TYPES OF PARTNERSHIPS-

  1. General Partnership- All the partners are equally liable for the business debts.

  2. Limited Partnership(LP)- This partnership allows both the general partners with full liability and limited partners with limited liability and also limited involvement in the business,

  3. Limited Liability Partnership (LLP) - In this arrangement, all partners will be having limited liabilities. (Schoneveld, 2020.p.124062) Some or all partners can have limited involvement in the business management.

PROS:

Distributed responsibility between all business partners and additional support

Shared liabilities and profits

Easy to set up and requires less administrative work.

CONS:

It can be complicated to transfer ownership or leave the partnership.

Consequences of any partner’s mistakes have to be faced by others involved in the business.

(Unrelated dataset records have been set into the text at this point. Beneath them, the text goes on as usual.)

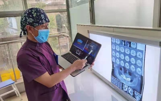 依托于“口腔北斗系統(tǒng)”新技術(shù),劉鑫教授團(tuán)隊在數(shù)字化口腔種植領(lǐng)域精耕細(xì)作,迄今已圓滿完成了上百例數(shù)字化種植牙手術(shù)。與傳統(tǒng)“自由手”口腔種植技術(shù)相比,數(shù)字化口腔種植手術(shù)更加安全、精準(zhǔn)、微創(chuàng)、高效、舒適。同時,個性化的手術(shù)設(shè)計方案借助數(shù)字化的直觀、立體形式呈現(xiàn)在患者面前,便于醫(yī)患間直接面對面交流,既提升了種植手術(shù)的精確度和成功率,又節(jié)約了手術(shù)時間,減少了手術(shù)創(chuàng)傷,降低了術(shù)后并發(fā)癥。
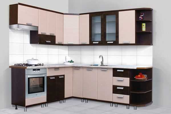 Угловое расположение гарнитура дает возможность разместить массу кухонной утвари
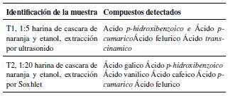 Los compuestos fenólicos determinados mediante la extracción por ultrasonido tratamiento T1 y extracción por Soxhlet tratamiento T2 se reportan a continuación en la Tabla 5.
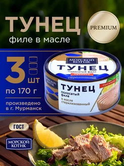 Тунец полосатый филе в масле, 3 шт
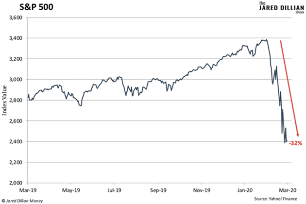 Let me walk you through an example. Think back to March 2020, when coronavirus fears kicked into high gear. Investors panicked, and stocks plummeted 32%.
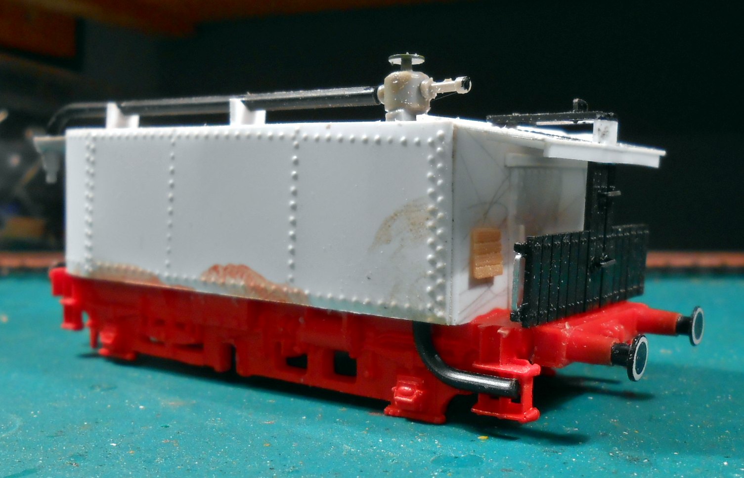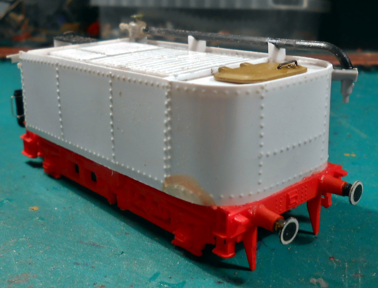 Первенец в этой эпопее старый(списанный мной из поездной работы)тендер от Лимы. Дремель в лапу и понеслась.Отрезал угольный ящик(по сути сделал его пустым) и

Disputes are common due to differences in opinions.

  1. Limited Liability Company (LLC) - This type of company structure provides clear separation between the company and its owners. The owner is not held responsible for the debts or liabilities of the company. It is a perfect blend of benefit of partnership and corporation. It can be useful for small business owners who require some liability protection and flexibility with taxes and management for their company.

This set up requires more administration work and responsibilities than a sole proprietorship or partnership. The organization is obliged to file its accounts and pay Corporation tax regularly (Shah et al., 2022.). There must be a strict documentation of all transactions and a detailed report of the finances.



PROS:

The business and personal finances are independent and the owner is not liable for any of the business costs.

A corporate structure can help in bringing more clients towards the business.

It is more tax efficient.



CONS:

Members of LLC have to register themselves as self-employed and must pay all taxes in order to get Medicare and Social Security.

Information is publically available so there are privacy concerns.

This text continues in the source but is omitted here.